-- Source data follows --

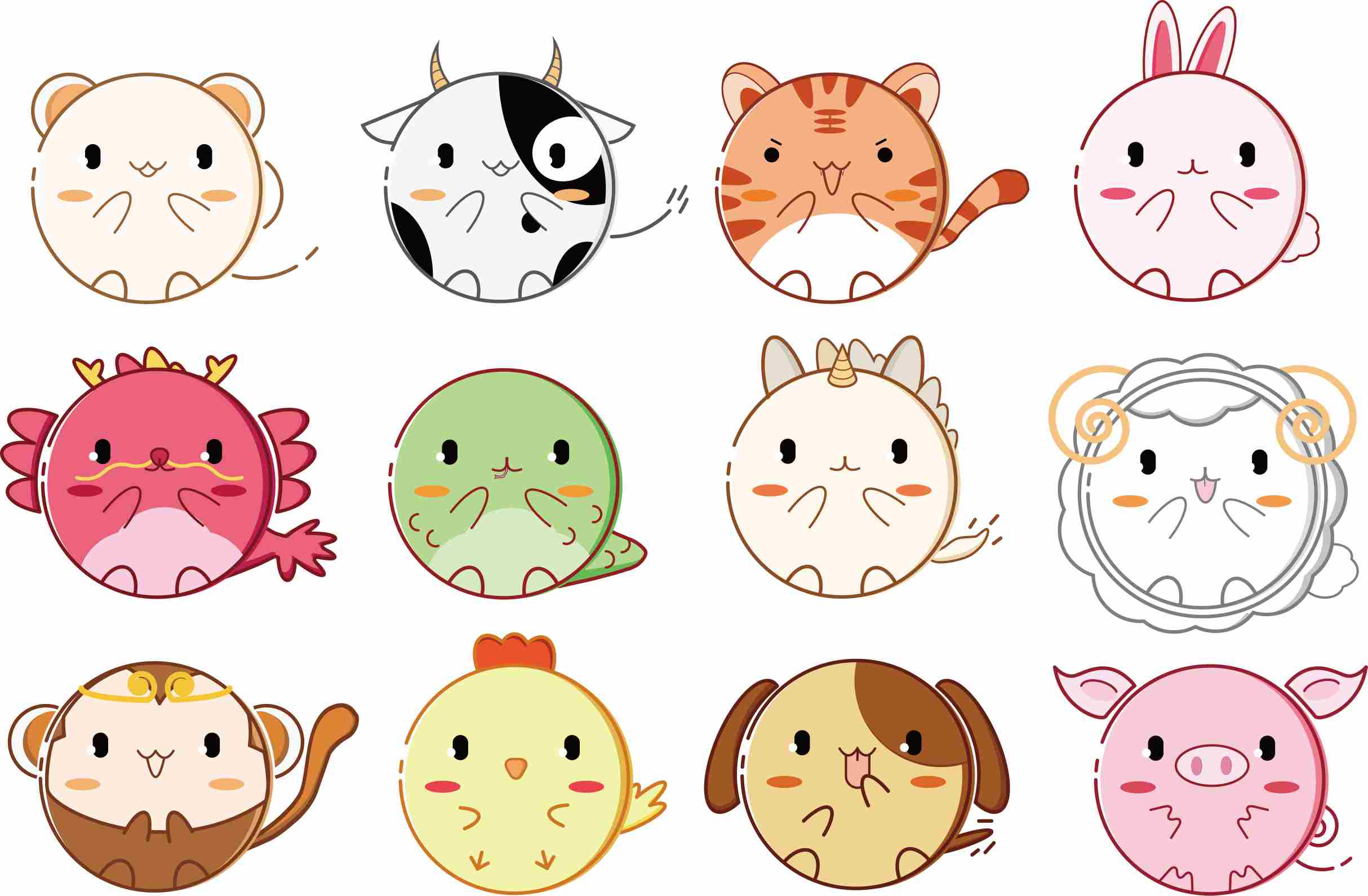 卡通十二生肖矢量图片-卡通十二生肖矢量素材下载-众图网
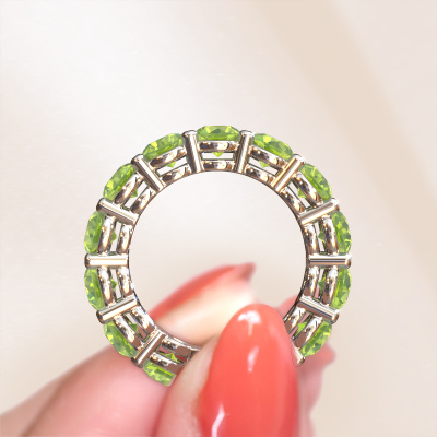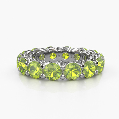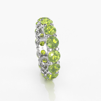This is our Michelle full 4.7 ring. This specific type is called an eternity ring and it is set with a continuous line of identically cut gemstones. The ring is made in platinum and is set with small peridot, 4.7 mm. The amazing peridot are identical in size and are set in the ring band. Our peridot are selected with great care so they are identical, which gives the best result. In order to get the best result, our artisans position all peridot by hand with the utmost care. Our Goldsmiths have one ambition, which is creating the perfect ring. That is why we love what we do. In the end you get a stunning exclusive platinum stackable ring with a row of peridot which seem to have no beginning nor end. The perfect symbol of your undying love for her! How special is that!Because we design and deliver our own rings, we can offer you a ring at a price you won't find anywhere else. A ring is made to order, which helps prevent excess supplies, so we can make you a great price offer. We understand it feels risky, buying your ring online, but we will gladly assist in the designing process, taking your budget into consideration.Our team of talented, passionate designers add new ring designs to our online collection daily. Our objective in doing so, is to be able to offer you a wide variety of jewels. Please feel free to request a quote if you have specific wishes for your ring. We guarantee to make you an offer you can't refuse.To make it easier for you, we offer a 30 day return policy. Check our terms and conditions.
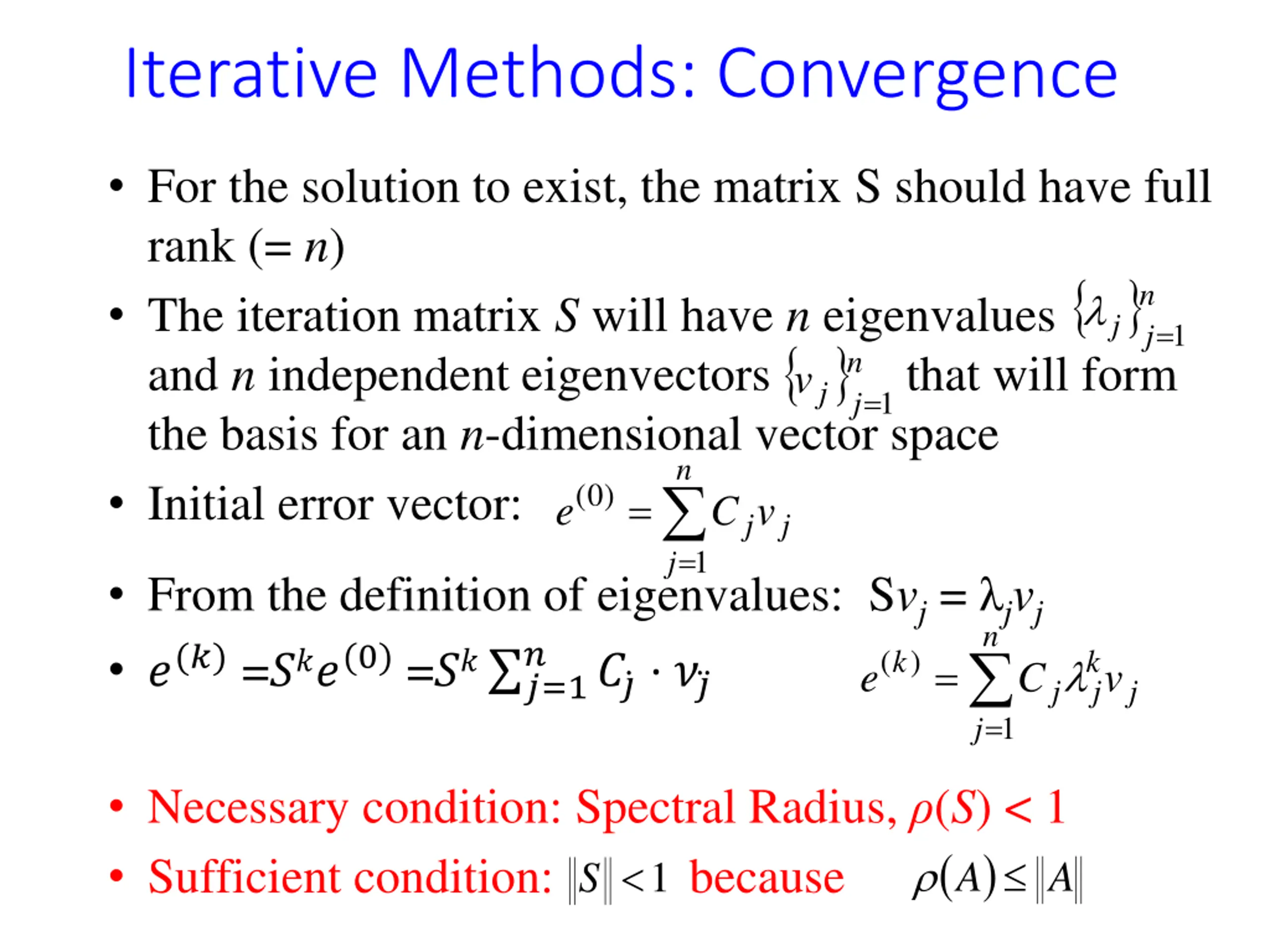 Iterative Methods: Convergence For the solution to exist, the matrix S should have full rank (= n) The iteration matrix S will have n eigenvalues and n independent eigenvectors that will form the basis for an n-dimensional vector space Initial error vector: e n j = 1 j n j v = 1 j n ) 0 ( = C jv j = 1 j From the definition of eigenvalues: Svj = jvj ?(?) =???(0)=?? ?=1 n = ? ( ) k k j ? ? ? ? = e C v j j 1 j Necessary condition: Spectral Radius, (S) < 1 Sufficient condition: because S ( ) A A 1

-- Source data concluded --

Task instructions =
Apart from the images, reproduce the listing exactly as it appears.

Answer to this exercise =
 卡通十二生肖矢量图片-卡通十二生肖矢量素材下载-众图网
This is our Michelle full 4.7 ring. This specific type is called an eternity ring and it is set with a continuous line of identically cut gemstones. The ring is made in platinum and is set with small peridot, 4.7 mm. The amazing peridot are identical in size and are set in the ring band. Our peridot are selected with great care so they are identical, which gives the best result. In order to get the best result, our artisans position all peridot by hand with the utmost care. Our Goldsmiths have one ambition, which is creating the perfect ring. That is why we love what we do. In the end you get a stunning exclusive platinum stackable ring with a row of peridot which seem to have no beginning nor end. The perfect symbol of your undying love for her! How special is that!Because we design and deliver our own rings, we can offer you a ring at a price you won't find anywhere else. A ring is made to order, which helps prevent excess supplies, so we can make you a great price offer. We understand it feels risky, buying your ring online, but we will gladly assist in the designing process, taking your budget into consideration.Our team of talented, passionate designers add new ring designs to our online collection daily. Our objective in doing so, is to be able to offer you a wide variety of jewels. Please feel free to request a quote if you have specific wishes for your ring. We guarantee to make you an offer you can't refuse.To make it easier for you, we offer a 30 day return policy. Check our terms and conditions.
 Iterative Methods: Convergence For the solution to exist, the matrix S should have full rank (= n) The iteration matrix S will have n eigenvalues and n independent eigenvectors that will form the basis for an n-dimensional vector space Initial error vector: e n j = 1 j n j v = 1 j n ) 0 ( = C jv j = 1 j From the definition of eigenvalues: Svj = jvj ?(?) =???(0)=?? ?=1 n = ? ( ) k k j ? ? ? ? = e C v j j 1 j Necessary condition: Spectral Radius, (S) < 1 Sufficient condition: because S ( ) A A 1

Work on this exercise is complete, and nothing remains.